Write here your findings, which model you plan to use and why.


---
Answer here
---

Looking at the three transcriptions, we can see that the best one is the one from Whisper large v3. It is the most accurate and the most complete.

Hence, we will use this model for the rest of the lab.


## III - Generate a full report

Now that you have extracted the text and all the informations, you have to generate a report.

You can use models available on the [Hugging Face Hub](https://huggingface.co/docs/api-inference/tasks/chat-completion).

Tips : As you want the report to be well formatted you will have find how to prompt the model to achieve this goal.


Some key elements we want to extract :

- The agent's name
- The client's name
- The client's adress
- What was done
- What problems there were
- ...


In [28]:
!pip install transformers



In [None]:
client = InferenceClient(provider="hf-inference", api_key=HF_TOKEN)

informations = ", ".join(
    [
        "agent's name",
        "client's name",
        "client's address",
        "what was done",
        "what problems there were",
        "contact informations",
    ]
)

prompt_template = """Extract these informations:
\t{informations}
from the following text:
\t{text}.
Don't add informations you don't find in the text.
Return the extracted informations in JSON format."""
prompt = prompt_template.format(
    informations=informations, text=result_whisper_large.strip()
)

messages = [{"role": "user", "content": prompt}]

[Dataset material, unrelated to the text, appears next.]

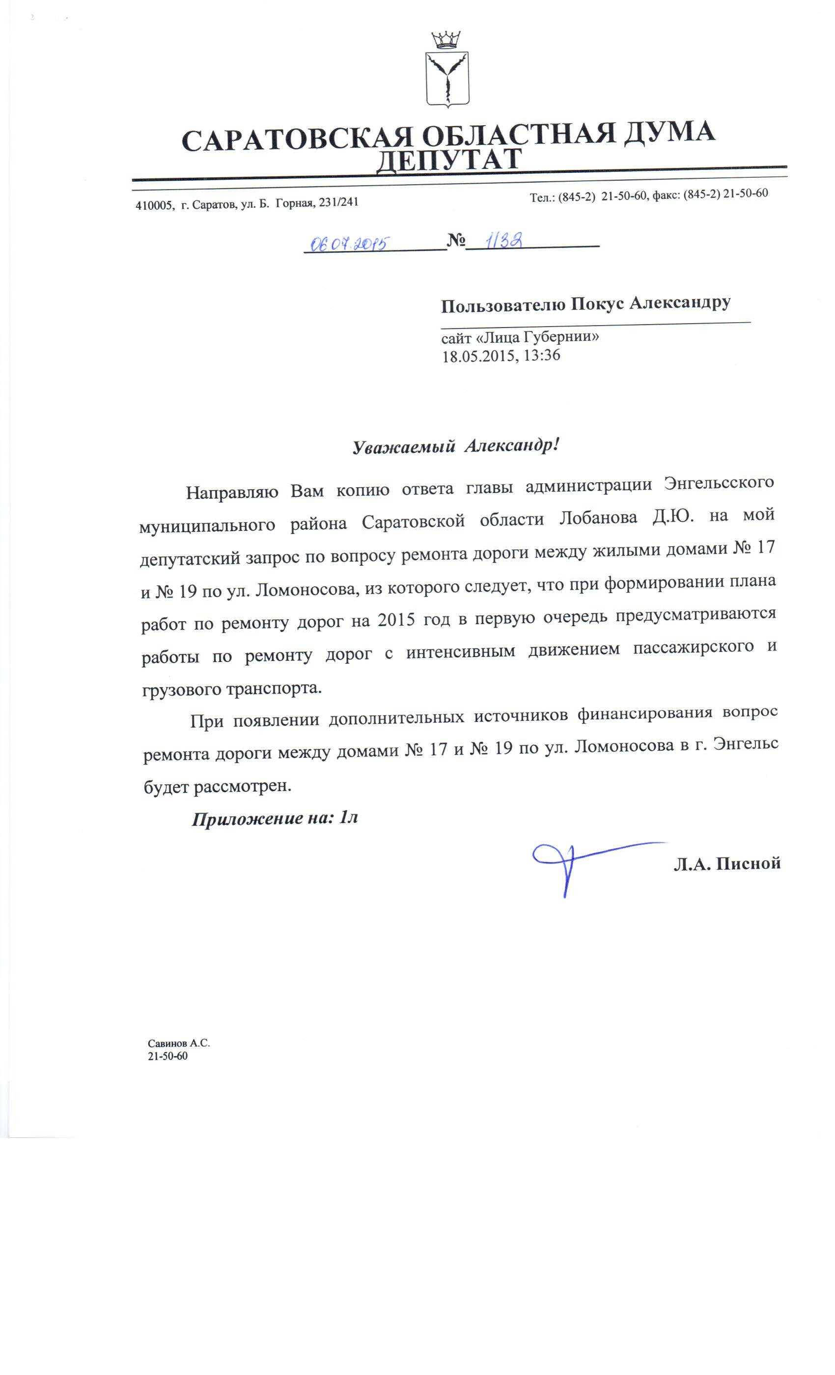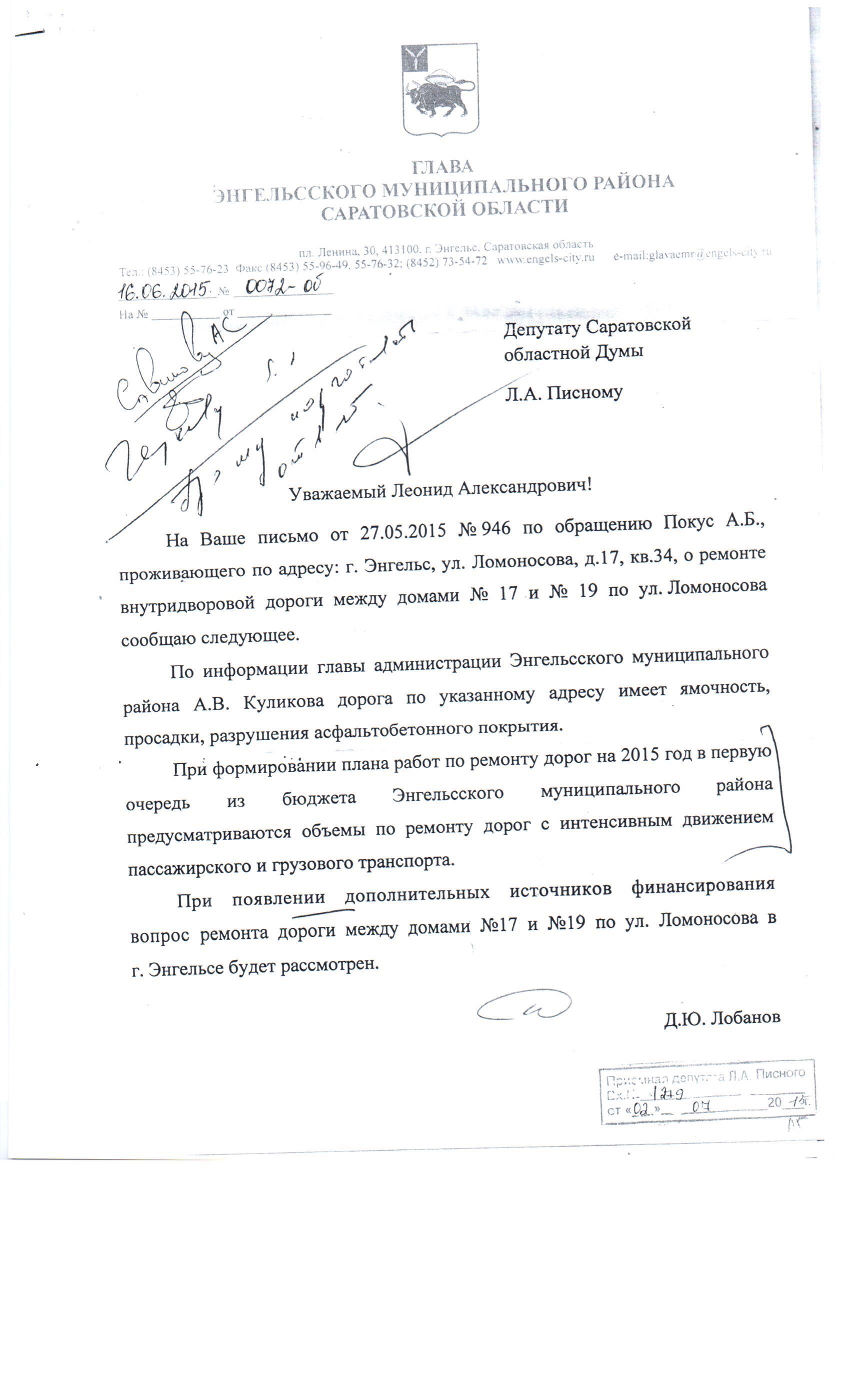 Здравствуйте, Леонид Александрович! Cпустя 3-года, вновь пишет вам инвалид 1 гр. дцп. Покус, Александр. А именно по поводу, разбитой дороги..да.. её опять разбили, и мне очень трудно проехать, не перевернувшись, минуя эти выбоины. Уже и 2 года прошло, как обещали ремонт дорог, всего двора сделать.. но так и не сделали. Вся Надежда опять на вас! Прошу, помогите! залатать выбоины.. по другую сторону от выбоины, обычно машина *газель* стоит.. мой адрес: г. Энгельс. ул. Ломоносова 17. Выбоины между домов 17 и 19 на выезде со двора

stream = client.chat.completions.create(
    model="google/gemma-2-2b-it", messages=messages, max_tokens=500, stream=True
)

for chunk in stream:
    print(chunk.choices[0].delta.content, end="")

```json
{
  "agent's_name": "Marc Dupont",
  "client's_name": "Agence digitale innovante",
  "client's_address": "rue des innovateurs, Paris",
  "what_was_done": "Cleaning (reception, toilets, meeting room, waste disposal), window cleaning, dusting, watering plants",
  "problems_there_were": "Access issue to server room due to badge malfunction, scheduled follow-up needed with security for updated badges",
  "contact_informations": "01 55 555 5555 (phone), camidleroyagencedigitalinnovante.fr (email)"
}
```

As we can see, the report is quite structured. This indicates that both out speech to text and our text to text models are able to understand the context of the conversation.